# Chinese Basketball Discussion Thread



## carayip (Jan 15, 2003)

Anyone here who can discuss with me?


----------



## . (Jun 30, 2003)

MEEEEEEEEEEE !!!!! i always wanted to discuss more about chinese basketball with someone from this board but lot of times the person just said "SORRY MAN I DONT KNOW ANYTHING ABOUT ASIAN BASKETBALL, SORRY DUDE"

do you have any link about young promising tall chinese prospects ??
i would love to share thoughts with you
reply me as soon as you can
my yahoo id name is [email protected]


----------



## carayip (Jan 15, 2003)

You are banned on this board. 

I follow Chinese b-ball (especially the national team) very closely.


----------



## bender (Jul 15, 2002)

Do you know Yi Jianlians stats from the 02-03 season in the CBA?


----------



## carayip (Jan 15, 2003)

7.1 mpg, 3.5 ppg 1.89 rpg, 0.31 bpg, 52.4 fg%, 56.8 ft%

He's still a bench player on the team. But he had a few good performances in the championship series.


----------



## carayip (Jan 15, 2003)

I will find out the other stats for Yi later on. He sure has a lot of promise and has incredible youth on his side. Order of pick depends on his progress in these next few years, really difficult to predict right now.


----------



## carayip (Jan 15, 2003)

Yi Jian Lian's other stats: played 26 games, 0 3pt fg% (0/1), 0.35 dunks per game, 0.15 apg, 0.38 spg, 1.19 being fouled per games, 1.08 committed fouls per game, 0.31 turnovers per game.


----------



## Kunlun (Jun 22, 2003)

I kind of know CBA basketball.


----------



## chris916 (May 16, 2003)

I would like to discuss Chinese basketball with you guys. China has Yao Ming and will have a long lines of propects coming up. But don't get caught up with the CBA too much. It's simply not a very strong league, basketball-wise. Teams are averaging 120 points per game there. It's crazy....


----------



## carayip (Jan 15, 2003)

The problem for the CBA is that the coaching was simply not good enough.


----------



## $$$$$$$$$$$$$$$$$$$$$ (Aug 7, 2003)

hey carayip i would love to discuss more about chinese basketball with you, i am very interested in those young tall chinese players....those who are above 6-9 (206 cm)
i wonder who will be the one select in the next year's draft, my pick will be "MO KE", the big guy who play for the bayi rocket, hes about 6-11 (209 cm) and very mobile although not very athletic jump-wise but is a very fundamentally sound player, build a lot like wang zhi zhi but is a lot tougher, especially on defense and boards, look for him to be a second round pick next year.


----------



## bender (Jul 15, 2002)

What about this other young prospect Mo Guo-Chao? Someone reported about him in this forum some months ago. Where's he playing now?


----------



## carayip (Jan 15, 2003)

The Chinese NT was 5-0 vs USBA, 3-0 (so far) vs Melbourne Tigers during recent warm-up games.


----------



## bender (Jul 15, 2002)

*Yi Jianlian unable to enter the NBA Draft till 2009?*

The Chinese goverment didn't allow Yao Ming to leave the CBA before he was 22. So they do now with Xue Yuyang. They try to increase the level of the CBA with this "method" (keeping the biggest talents as long as possible).

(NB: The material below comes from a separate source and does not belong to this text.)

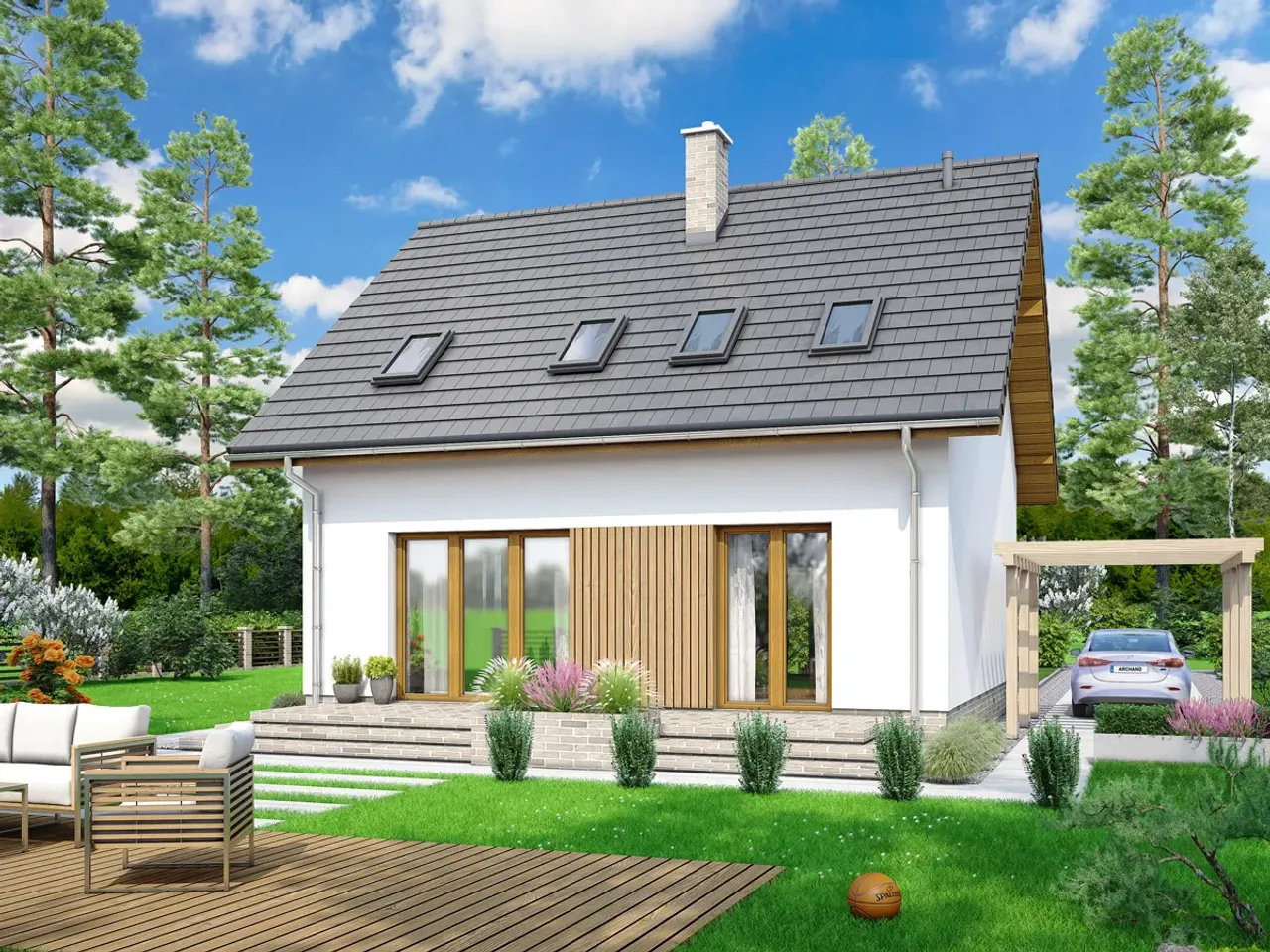 Dom oparty na projekcie Lungo 5 to propozycja dla inwestorów szukających współczesnej architektury, która zachwyca prostotą i elegancją. Parterowy układ z poddaszem sprawia, że dom jest doskonale przystosowany do codziennego życia nawet liczniejszej rodziny. Przemyślany rozkład pięciu pokoi pozwala oddzielić strefę dzienną od części prywatnej, a szerokie wyjście na taras otwiera przestrzeń na relaks blisko natury.

The big question is: *Will Yi Jianlian have to wait till he's 22, too?*


----------



## Ben1 (May 20, 2003)

Hopefully not.



Dumb question from me: Does HK have a separate bball league or is the same league as the Chinese one?


----------



## s a b a s 11 (Dec 31, 2002)

*Re: Yi Jianlian unable to enter the NBA Draft till 2009?*



> Originally posted by <b>bender</b>!
> The Chinese goverment didn't allow Yao Ming to leave the CBA before he was 22. So they do now with Xue Yuyang. They try to increase the level of the CBA with this "method" (keeping the biggest talents as long as possible).
> 
> The big question is: *Will Yi Jianlian have to wait till he's 22, too?*


I believe that with Yao Ming, they'll see the errors of their ways.. be it next year and/or 3 years from now, my bet is they will allow Yi Jianlian to enter the draft before then... he may have to follow the grueling schedule that Yao does currently, but thats the sacrifice.

Stuart


----------



## bender (Jul 15, 2002)

> Originally posted by <b>Ben</b>!
> Dumb question from me: Does HK have a separate bball league or is the same league as the Chinese one?


Hongkong has it's team in the CBA, the _Flying Dragons_. The team is new, last season was their first one. Xue Yuyang was playing for them last year.


----------